Question

The radio telescope in Arecibo, Puerto Rico, has a diameter of $305 \mathrm{m}$. It can detect radio waves from space with intensities as small as \(10^{-26} \mathrm{W} / \mathrm{m}^{2} .\) (a) What is the average power incident on the telescope due to a wave at normal incidence with intensity \(1.0 \times 10^{-26} \mathrm{W} / \mathrm{m}^{2} ?\) (b) What is the average power incident on Earth's surface? (c) What are the rms electric and magnetic fields?

Short answer

Question: Calculate the average power incident on the telescope, the average power incident on Earth's surface, and the root-mean-square (rms) electric and magnetic fields for an intensity of \(1.0 \times 10^{-26} \mathrm{W} / \mathrm{m}^2\) and a radio telescope diameter of 305 m. Answer: Follow the steps outlined in the solution. After calculating the areas for the telescope and Earth, determine the average power incident on both using the given intensity. Then, use the formulas for the rms electric and magnetic fields to compute their values.

Step-by-step solution

Calculate the radio telescope area

We are given the diameter of the radio telescope, which is 305 m. For a circular shape, we can calculate the area, A, with the formula \(A = \pi r^2\), using the radius, r, where \(r = \frac{D}{2}\): $$ A = \pi \left(\frac{305}{2}\right)^2 $$

Calculate the average power on the telescope

Now, we have the intensity at \(1.0 \times 10^{-26} \mathrm{W} / \mathrm{m}^2\). Using the formula \(P = I \cdot A\), we can calculate the average power on the telescope: $$ P_{telescope}= (1.0 \times 10^{-26} \mathrm{W} / \mathrm{m}^2) \cdot A $$

Estimate Earth's surface area

To calculate the average power on Earth's surface, we need to estimate Earth's surface area. We will assume Earth to be a perfect sphere with a radius of 6371 km. Surface area, A, is given by \(A = 4 \pi R^2\): $$ A_{earth} = 4 \pi (6.371 \times 10^6)^2 \mathrm{m}^2 $$

Calculate the average power on Earth's surface

Now, we can calculate the average power incident on Earth's surface using the formula \(P = I \cdot A\): $$ P_{earth} = (1.0 \times 10^{-26} \mathrm{W} / \mathrm{m}^2) \cdot A_{earth} $$

Determine rms electric field value

To calculate the rms electric field value, use the formula \(I = \frac{1}{2} \varepsilon_0 c E^2_{rms}\). We will solve for \(E_{rms}\): $$ E_{rms} = \sqrt{\frac{2 \cdot I}{\varepsilon_0 c}} $$ where \(\varepsilon_0\) is the vacuum permittivity, approximately \(8.85 \times 10^{-12} \mathrm{C}^2 / \mathrm{N} \cdot \mathrm{m}^2\) and c is the speed of light, approximately \(3.00 \times 10^8 \mathrm{m} / \mathrm{s}\).

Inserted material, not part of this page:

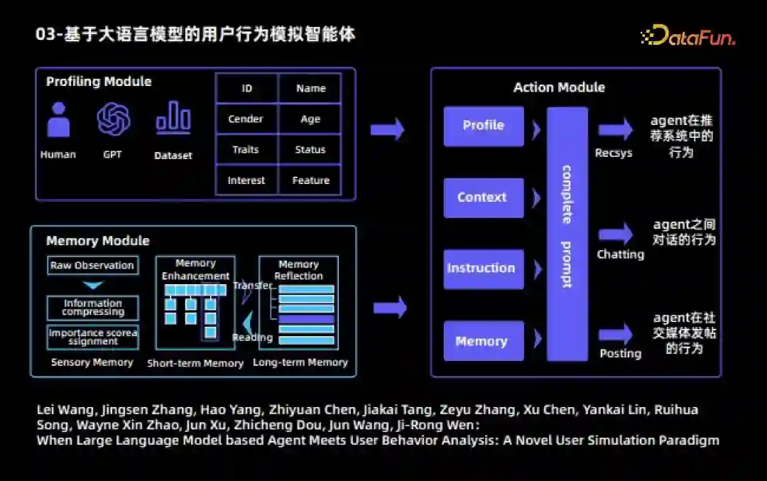 下面会举几个 Agent 的实际案例。首先是基于大语言模型的用户行为模拟智能体。该智能体也是大语言模型智能体与用户行为分析相结合的早期工作。该工作中,每个 Agent 分为三个模块: 1. 画像模块对不同的 Agent 指定不同的属性,比如 ID、姓名、职业、年龄、兴趣以及特征等。 2. 记忆模块记忆模块包括三个子模块(1)感受记忆(2)短期记忆

Determine rms magnetic field value

Similarly, for the rms magnetic field value, use the formula \(I = \frac{1}{\mu_0 c}B^2_{rms}\), and solve for \(B_{rms}\): $$ B_{rms} = \sqrt{\frac{I \cdot \mu_0 c}{2}} $$ where \(\mu_0\) is the vacuum permeability, approximately \(4\pi \times 10^{-7} \mathrm{H} / \mathrm{m}\). Now you can calculate the rms electric and magnetic fields using the intensity given in the problem statement.